Here is the pic that you sent to me of your EGR valve. The port that needs checked for vacuum is right where that vaccum line attaches, just to the right side of the black plastic cap you describe.
ok. I understand when you explained on my Picture. The only line there is the onse to check for Vacuum. While I was becoming impatient, I talked to a friend of mine from a Ford Mercury Dealership. He told be to get a can of Intake Cleaner. I used STP. Open the bigest neck house that goes to engine and with the engine running, squirt some Cleaner in the big hole and accelerate so it doesn't stall. I did it. I also filled up with Chevron High Test with the added Ingrediant theat starts with a T (Techron or something). I unplugged the battery so CEL would go away. The car seems to be running better now. It's probably just the Gas. The code will probably reapear. I sprayed about 6 good squirts in there. Engine revved up immensely the more I sprayed. I kept it at a steady rev. When it was able to idle without stalling, I turned the key off, reattached the big hose, tightened screw. Drove the Car for 15 minutes, got it washed and that's where I'm at now. I talked to my Mechanic & the Ford Mercury Friend & both said it could not harnm the car or engine. I'm just wondering if I sprayed enough. My friend suggested half a can. I thought that might be too much, so I sprayed about a quarter can in there. So what do you think ? Did I do something wrong. Again I'm not a mechanic. I had to try the easiest way for now. btw, the hose going into the EGR has that butterfly clip & I could not figure out how to undo that bugger. That's a thin line and I did not want to break it.
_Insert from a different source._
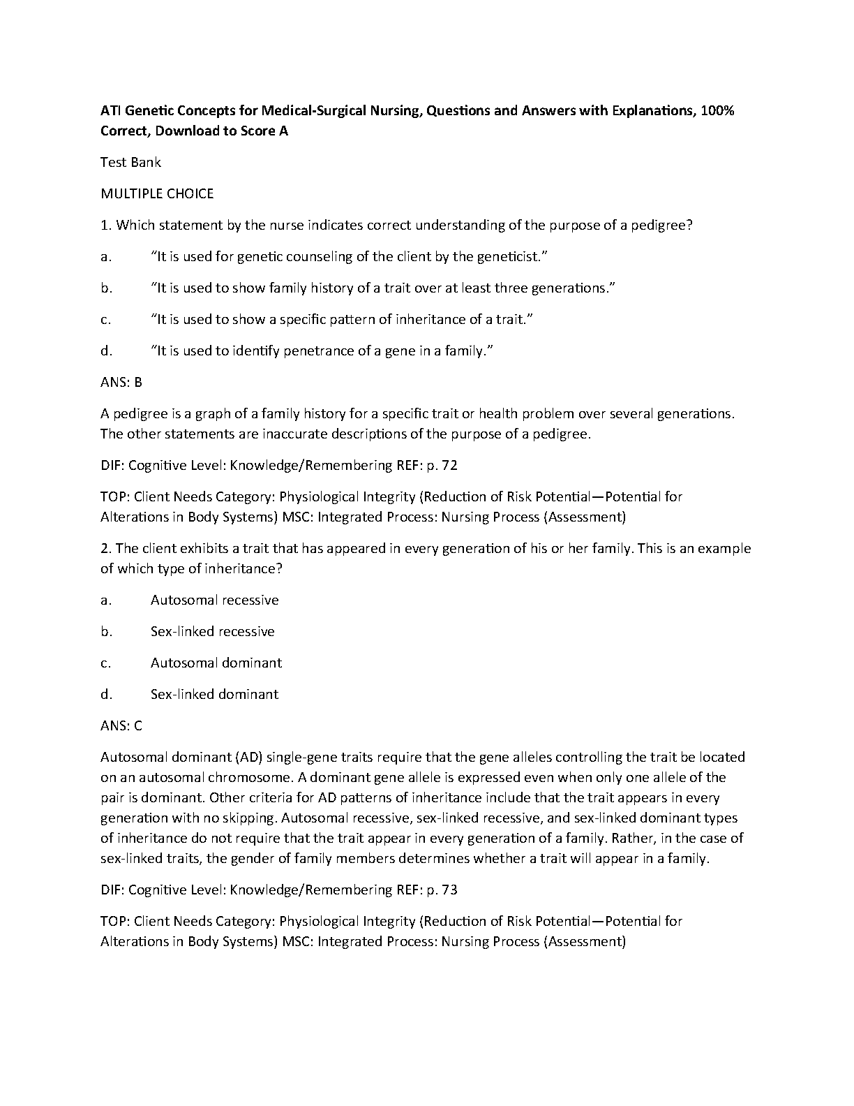 ATI Genetic Concepts for Medical-Surgical Nursing, Questions and Answers with Explanations, 100% Correct, RATED A+

I was also told to spray in that tiny hole where tube goes. But I chickend out.
I am you did nothing wrong Dino. Using the cleaner into the intake will help out the deposits inside the intake manifold but will unfortunately not do much for the deposits at the EGR valve as the cleaner will not even get down there with that kind of introduction method. From the other pics I enclosed in last post I hope you can now locate the EGR boost sensor and solenoid valve. When you do, you will see a very short vaccum tube between the two parts and there will be another vacuum line that heads over towards the engine. This vacuum line is the other end of the one down by the EGR valve. If you can remove that vacuum line from the solenoid in the pics, you can check for vaccum at that point. The valve nipple is plastic so be as gentle as possible in removing. Use a twisting and slight pulling motion to remove. Or you could just cut the vaccum line up by the solenoid to check and then install a straight hose line connector available from any parts store to get the line back in one piece. If you break the solenoid I will send you another one. Have 5 or 6 in my box that are identical solenoids.